TGRX-678 is under clinical development by Shenzhen Targetrx and currently in Phase I for Chronic Myelocytic Leukemia (CML, Chronic Myeloid Leukemia). According to GlobalData, Phase I drugs for Chronic Myelocytic Leukemia (CML, Chronic Myeloid Leukemia) have a 69% phase transition success rate (PTSR) indication benchmark for progressing into Phase II. GlobalData’s report assesses how TGRX-678’s drug-specific PTSR and Likelihood of Approval (LoA) scores compare to the indication benchmarks. Buy the report here.

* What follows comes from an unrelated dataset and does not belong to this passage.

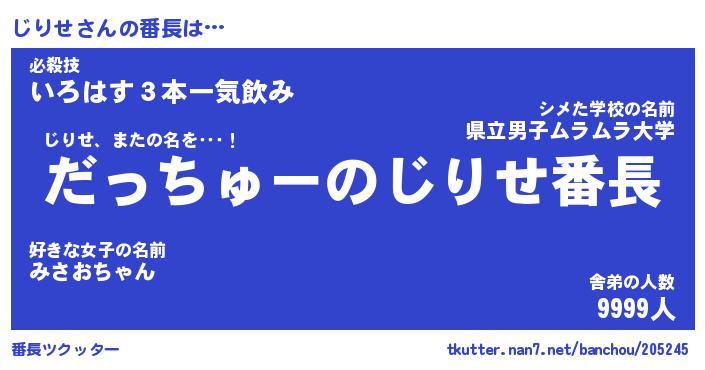 | 伝説のあだ名 | 『伝説のスナイパーじりせ』 |

GlobalData tracks drug-specific phase transition and likelihood of approval scores, in addition to indication benchmarks based off 18 years of historical drug development data. Attributes of the drug, company and its clinical trials play a fundamental role in drug-specific PTSR and likelihood of approval.

TGRX-678 overview

TGRX-678 is under development for the treatment of chronic myeloid leukemia. The drug candidate is administered by oral route. It is a 4th generation small molecule that acts by targeting Bcr-Abl tyrosine kinase.

Shenzhen Targetrx overview

Shenzhen Targetrx is pharmaceutical research and development company. Shenzhen Targetrx is headquartered in Shenzhen, Guangdong, the china.

For a complete picture of TGRX-678’s drug-specific PTSR and LoA scores, buy the report here.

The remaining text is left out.